◆ **Aim of the task**
Beneath this line are entries. Copy the range from the line with "Collier in metallo" to the line with "Schon probiert? Knorr", ends included, exactly; leave pictures out.

________________________

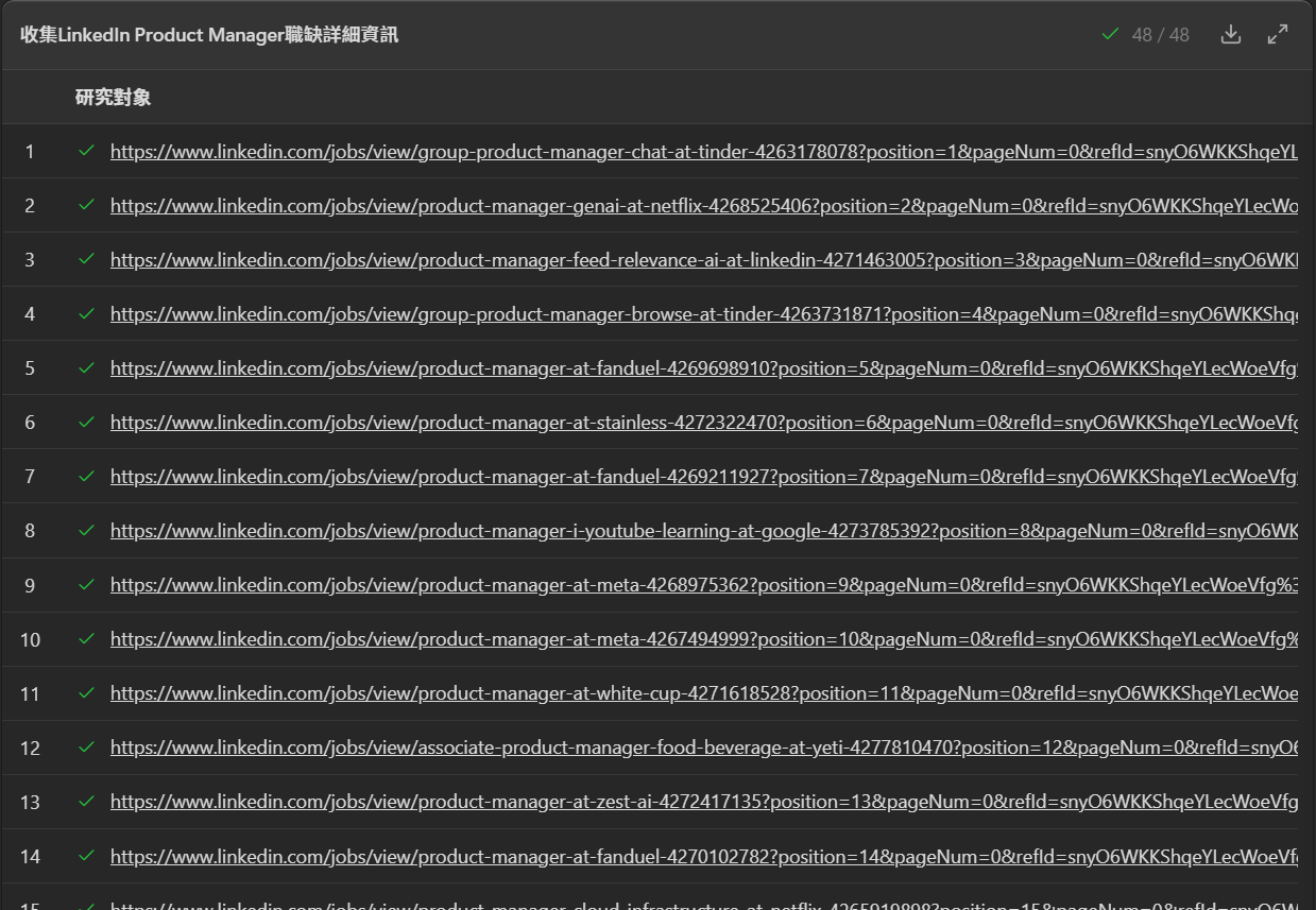 接著 Manus AI 針對 Linkedin 上前十大科技公司的 PM 職缺執行 Wide Research,找到了 48 個職缺,然後分別指派約 10 個 AI 依序處理任務。
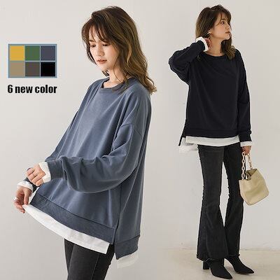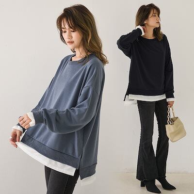 ラウンドネックスウェット2024 初秋新作 偽物 ツーピース 長袖 丸首 スウェット ゆったり 大きいサイズ トップス
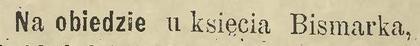 z obecnością cesarza Wilhelma i wielu dygnitarzy państwa, oprócz samej księżnej, honory domu czyniła młodsza jej synowa, hrabina Wilhelmowa Bismarkowa, która dnia tego przybyła z Hanoweru do Berlina, wraz ze swym małżonkiem. Menu, spisane na karcie litografowanej i przyozdobione u góry herbem rodzinnym Bismarków, opiewało:
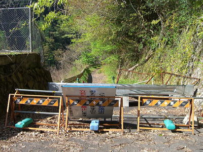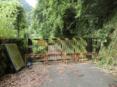 | 笠置ダム側のゲートに到着する。2007年頃はガードレールとA型バリケードで塞がれていたが、トラ模様の本格的なゲートに変わっていた。温見峠の能郷、黒津ゲートと同様に支柱の脇からの通り抜けも逃さない仕様である。車両用とは別に人が通れる幅だけ開くようにもなっており、何かの保守や調査のための出入りがあるのかもしれない。ゲート及び施錠等を破損した場合は、法律に基づき処罰されるという旨の警告が貼られている。 ゲートの隙間から奥の道路を撮影したが、10年以上通行止が続いている割にアスファルトの見える割合が多いという印象を受ける。普通の旧廃道で10年も車や人が通らなければほとんど自然に還った状態になってもおかしくない。 |
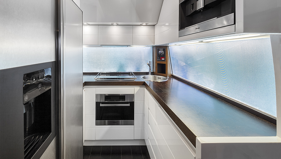 The yachts light and airy interiors are contemporary and welcoming, featuring neutral toned soft furnishings and warm woods throughout.
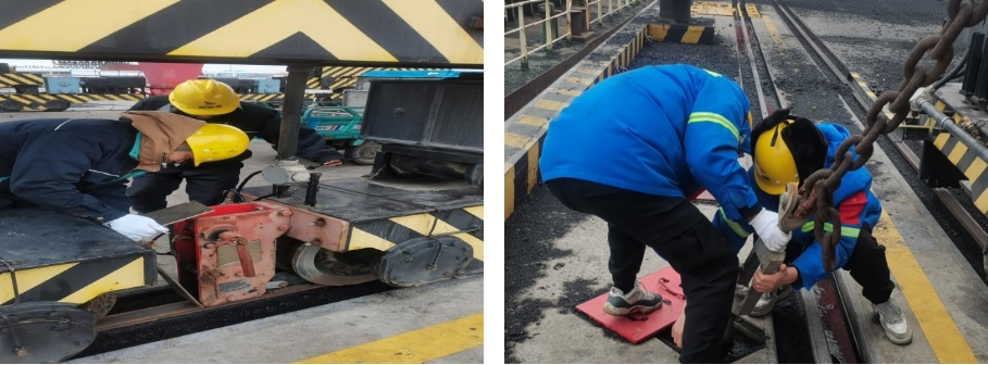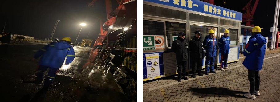 是班組長、是設(shè)備保障員,也是黨員。“我是黨員我先上”是我們每個(gè)人的行為準(zhǔn)則。寒潮來臨前,他們仔細(xì)檢查門機(jī)錨定插板、防風(fēng)拉鎖、防爬器、鐵楔是否完全插入槽內(nèi);利用加桿檢查鏈條連接環(huán)是否受力至最大值;嚴(yán)格檢測(cè)防爬器是否落地牢靠;確保惡劣天氣下港區(qū)安全有序。
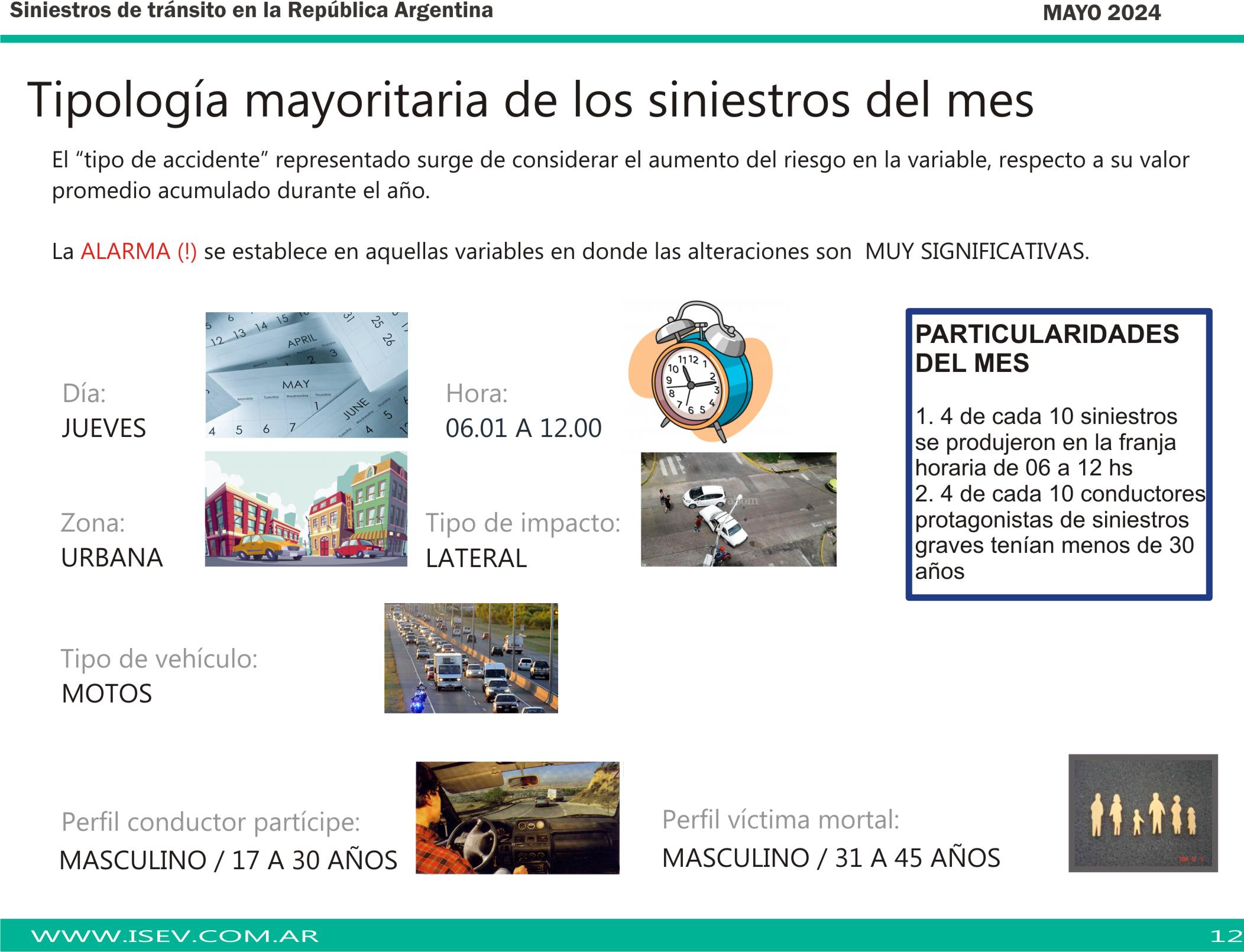 Aumento en siniestralidad y morbilidad vial, descensos en mortalidad respecto a Mayo de 2023. La siniestralidad aumentó un 23.27%. La mortalidad descendió a un 16.59%.
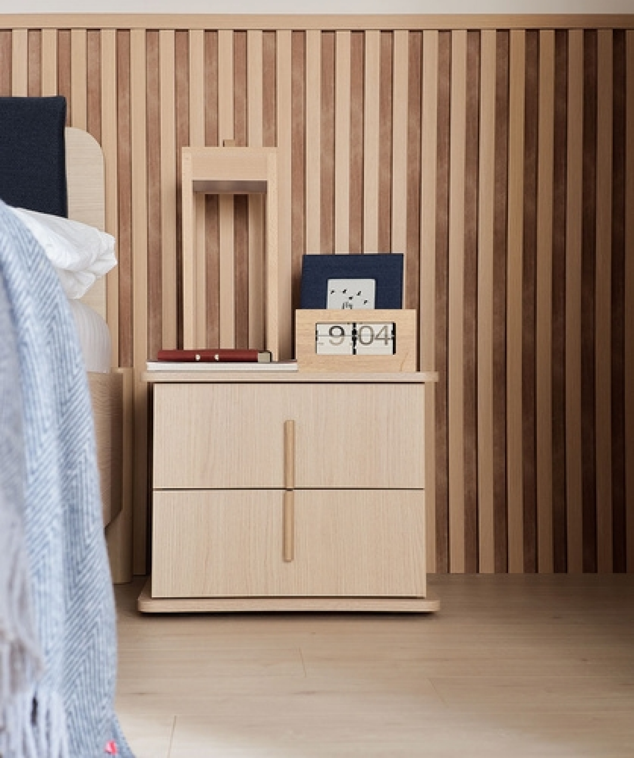 The Omm nightstand is also available in a 2-drawer version, designed to sit directly on the floor.
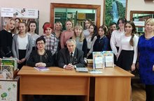 Сегодня в читальном зале библиотеки прошла встреча учащихся 9А класса с первостроителем города Нижнекамска Халиуллиным Х.Г. и писательницей Юдиной А.Ф. Встреча прошла в формате "Круглого стола", в рамках проекта "Улицы моего города". Гости рассказали ребятам о том, как строился наш город, о людях, которые его строили.
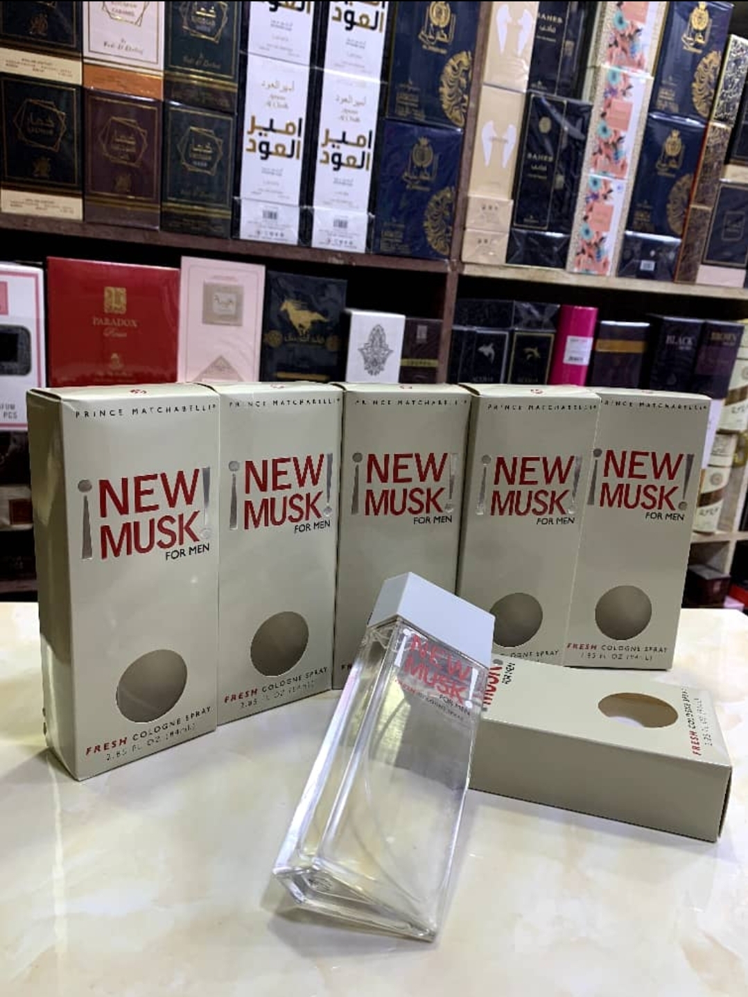 NEW MUSK for MEN COLOGNE possesses a blend of Musk, Sandalwood, Vanilla, And Black Currant.
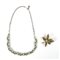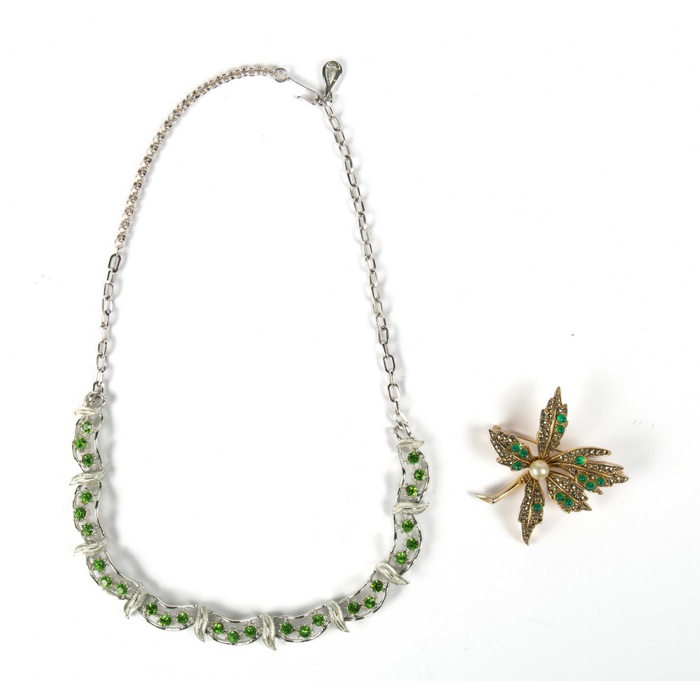 Collier in metallo argentato con foglie e strass verdi, marchio di produzione.
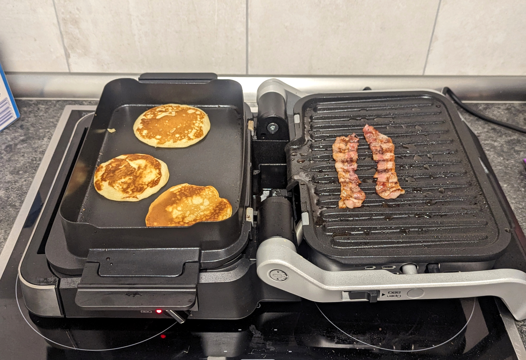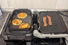 Im letzten Test blicken wir auf die Zubereitung eines „ganzen“ Gerichtes. Dazu klappen wir den Kontaktgrill wieder vollkommen auf und nutzen nochmal die Backform. Auf der Grillplatte rösten wir Bacon, auf der anderen Seite braten wir Spiegeleier. Hinzu kommen danach noch kleine Pfannkuchen. Die Ergebnisse sind erneut überzeugend. Jedoch limitiert die kleine Backform die Anzahl der Spiegeleier und Pfannkuchen erheblich. Daher können wir die Zubereitung ganzer Gerichte nur für bis zu 2 Personen empfehlen. Bei größeren Mengen macht eine eigene Pfanne mehr Sinn.
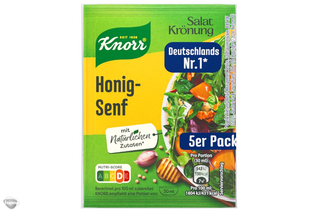 Schon probiert? Knorr Salatkrönung Honig-Senf ist mit köstlich süßem Honig und würzigem Senf verfeinert und garantiert feinsten Salatgenuss für zu Hause oder im Büro. Ideal für Ruccola, Eisbergsalat und Feldsalaten, und besonders lecker mit knackige
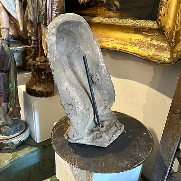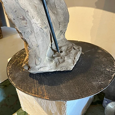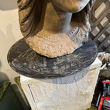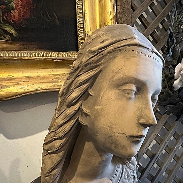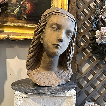 This terracotta young woman's head on a new iron base is a striking piece of sculptural art that blends the organic forms and stylised motifs characteristic of the Art Nouveau movement with the distinctive regional influences of Sicilian culture. This sculpture conveys a sense of harmony and elegance; the Sicilian influence adds a unique flavour to the piece. Sicily has a rich artistic heritage, influenced by various cultures throughout history, including Greek, Roman, Arab and Norman. This terracotta incorporates elements inspired by Sicilian folklore, mythology or traditional craftsmanship, adding depth and cultural resonance to the artwork. Terracotta, a type of fired clay, allows for refined details and subtle textures. It is a captivating blend of artistic styles and cultural influences, capturing the beauty and spirit of the Art Nouveau movement and the vibrant legacy of Sicilian art and culture.

________________________

◆ **Exercise answer**
 Collier in metallo argentato con foglie e strass verdi, marchio di produzione.
 Im letzten Test blicken wir auf die Zubereitung eines „ganzen“ Gerichtes. Dazu klappen wir den Kontaktgrill wieder vollkommen auf und nutzen nochmal die Backform. Auf der Grillplatte rösten wir Bacon, auf der anderen Seite braten wir Spiegeleier. Hinzu kommen danach noch kleine Pfannkuchen. Die Ergebnisse sind erneut überzeugend. Jedoch limitiert die kleine Backform die Anzahl der Spiegeleier und Pfannkuchen erheblich. Daher können wir die Zubereitung ganzer Gerichte nur für bis zu 2 Personen empfehlen. Bei größeren Mengen macht eine eigene Pfanne mehr Sinn.
 Schon probiert? Knorr Salatkrönung Honig-Senf ist mit köstlich süßem Honig und würzigem Senf verfeinert und garantiert feinsten Salatgenuss für zu Hause oder im Büro. Ideal für Ruccola, Eisbergsalat und Feldsalaten, und besonders lecker mit knackige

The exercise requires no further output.